[Records from a data collection]
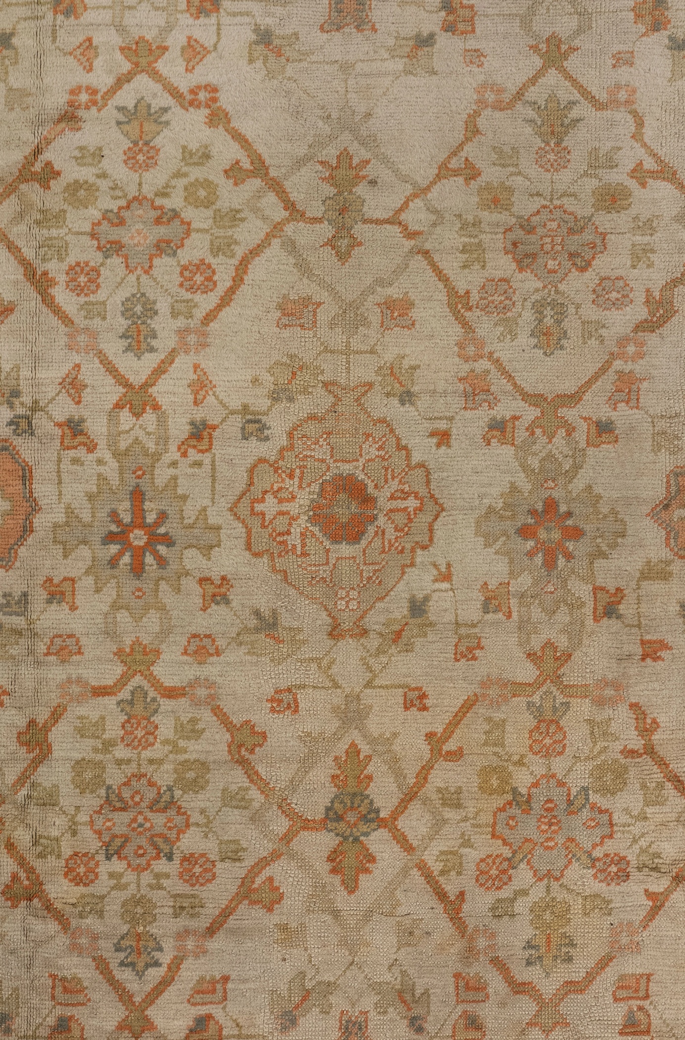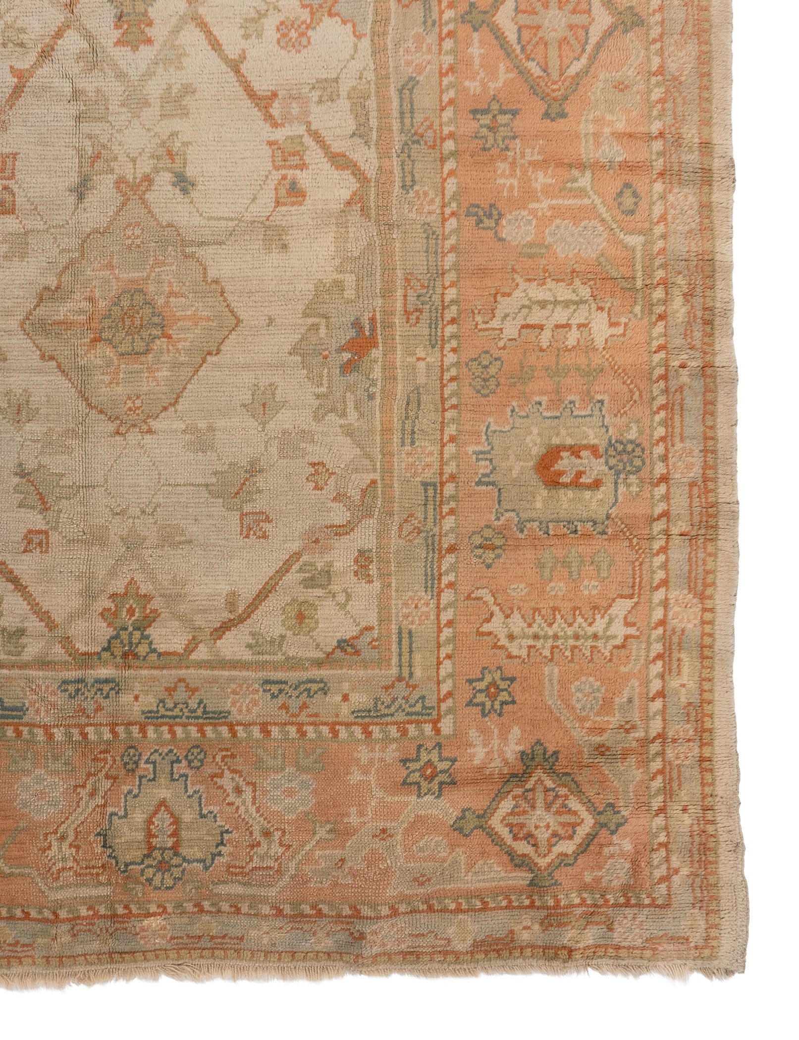 Of substantial but versatile scale, the overall palette muted, and comprising a finely wrought, trellis design interspersed with palmettes, typical of the Oushak form. The guard border is excellently conceived, featuring further palmettes and wonderfully decorated with dahlia and acanthus.
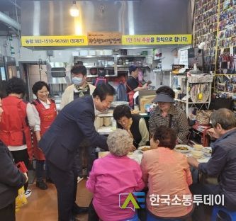 한국소통투데이 관리자 기자 | 부산 중구 부평동에 소재한'깡통골목 원조 비빔당면'은 지난 16일 대청동과 보수동 어르신 각 50명, 광복동 어르신 30명을 모셔서 비빔당면을 대접했다.
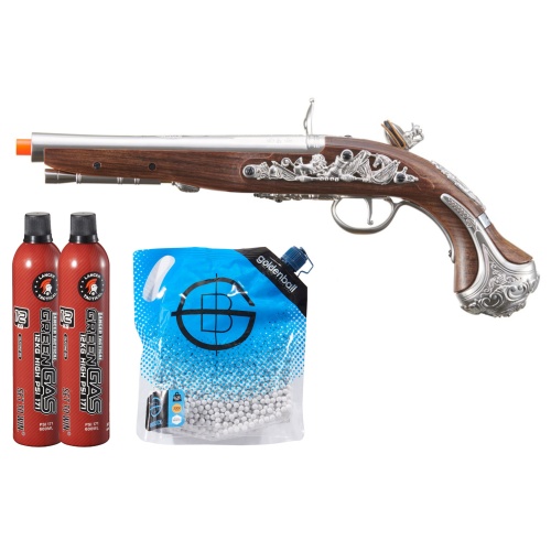 Bring a piece of early American history to your counter with the HFC George Washington Flintlock airsoft pistol Green Gas Combo Silver. Gas powered and single shot this faithful replica pairs a metal barrel assembly with faux wood furniture for convincing heft at about 2.3 pounds and an overall length of 16 inches. The flint lock style action looks and feels authentic so every press is cinematic and satisfying. Performance is smooth at an estimated 290 to 310 feet per second with 0.20 gram BBs and the fixed hop up keeps operation simple and consistent. Quality alloy build keeps it durable. A faux leather powder flask is included to carry BBs and complete the period correct experience. This ready made bundle maximizes value for airsoft dealers seeking bundled deals discounts and huge savings that boost margin and drive airsoft product sales. The combo includes Golden Ball 3000 round 0.25 gram ProSlick seamless BBs engineered for consistent feeding strict diameter control and excellent accuracy grouping and range with minimal jamming. To power the pistol you also get Lancer Tactical 12KG high PSI green gas with silicone oil that lubricates protects internal seals and helps parts resist wear while a durable metal nozzle design reduces leaks. With ammo and gas included your customers can start shooting right away and your store can present a complete solution that increases add to cart rate and in store conversion. Spotlight the combo price to show real savings versus buying items separately then list it under airsoft combo deal airsoft pistol bundle green gas deal and airsoft sale to capture search traffic and bring new buyers to your site. Stock a few at the register and feature one in a glass case to spark impulse interest and fast sell through during promotions and events for dealers.
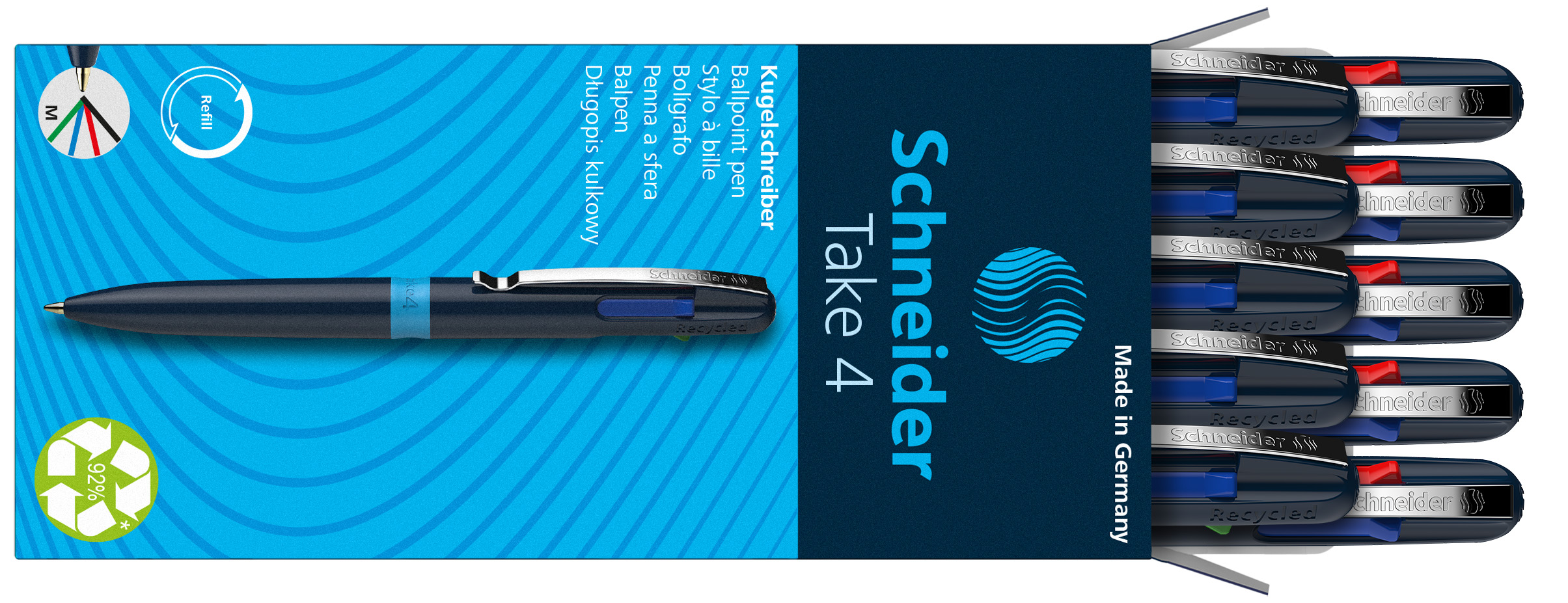 pero obsahuje náplne Take 4 Refill v 4 farbách ( čierna, modrá, červená a zelená)
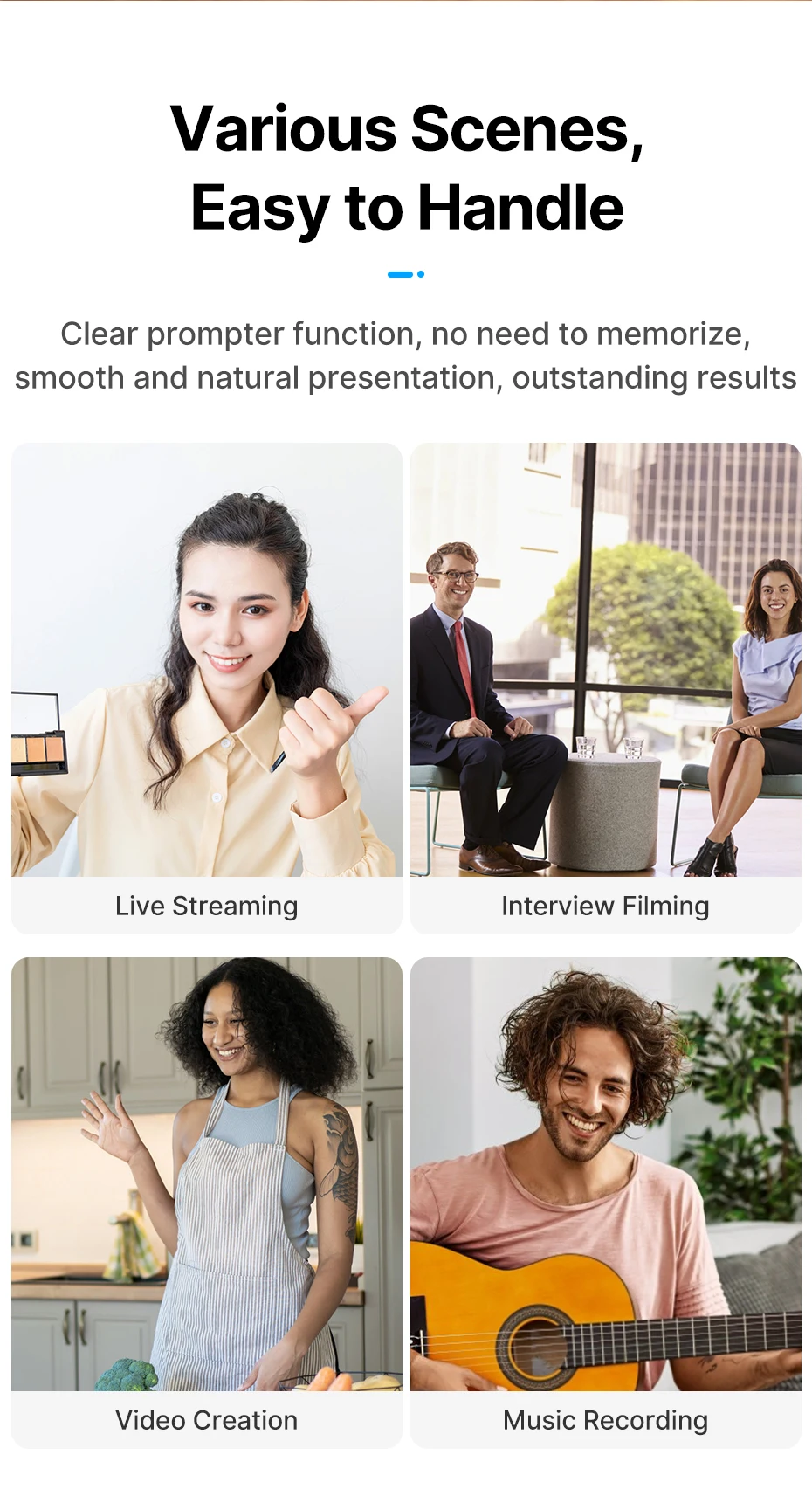 El teleprompter en sí está bien hecho, el empaque está intacto y los materiales son fiables. Sin embargo, la aplicación de Android en chino que se descarga al escanear un código QR es muy incómoda. Por ahora, estoy buscando una aplicación alternativa, pero no ofrecen soporte adecuado para el control remoto que viene con el teleprompter. El producto es bueno, pero el software es malo.
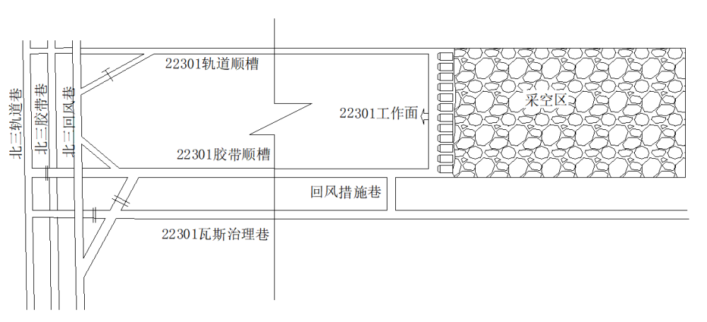 22301工作面井下位于北三盤區(qū)右翼,設(shè)膠帶順槽、軌道順槽、瓦斯治理巷三條巷道。工作面1#、2#、3#煤合采,煤層平均厚度4.75m,切眼長度205m,煤層最大傾角8°,最小傾角2°,平均約4°?;仫L(fēng)措施巷與皮帶順槽開處距離為1600m左右,在工作面回采到22301回風(fēng)措施巷前開始留巷,通風(fēng)系統(tǒng)由U型向Y型轉(zhuǎn)變。
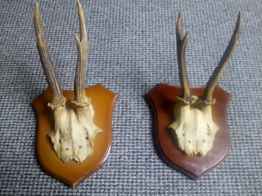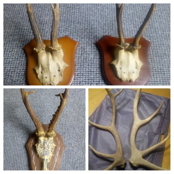 Prodajem 3 komada rogovlja srndaća na drvenom postolju te jelenje rogove, 70 kn po komadu. Desni rogovi srndaća su prodani (na slici gdje su 2 komada).
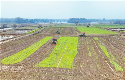 在纵横交错的高标准农田上,机器声隆隆作响,农民抢抓农时,驾驶农机翻耕田地,按下了春耕备耕“快进键”,为早春粮食生产开好头、起好步。

WHAT YOU NEED TO DO
Write out exactly the lines from the one containing "22301工作面井下位于北三" through the last line of the records above, both ends included, and leave out any pictures.

ANSWER SECTION
 22301工作面井下位于北三盤區(qū)右翼,設(shè)膠帶順槽、軌道順槽、瓦斯治理巷三條巷道。工作面1#、2#、3#煤合采,煤層平均厚度4.75m,切眼長度205m,煤層最大傾角8°,最小傾角2°,平均約4°?;仫L(fēng)措施巷與皮帶順槽開處距離為1600m左右,在工作面回采到22301回風(fēng)措施巷前開始留巷,通風(fēng)系統(tǒng)由U型向Y型轉(zhuǎn)變。
 Prodajem 3 komada rogovlja srndaća na drvenom postolju te jelenje rogove, 70 kn po komadu. Desni rogovi srndaća su prodani (na slici gdje su 2 komada).
 在纵横交错的高标准农田上,机器声隆隆作响,农民抢抓农时,驾驶农机翻耕田地,按下了春耕备耕“快进键”,为早春粮食生产开好头、起好步。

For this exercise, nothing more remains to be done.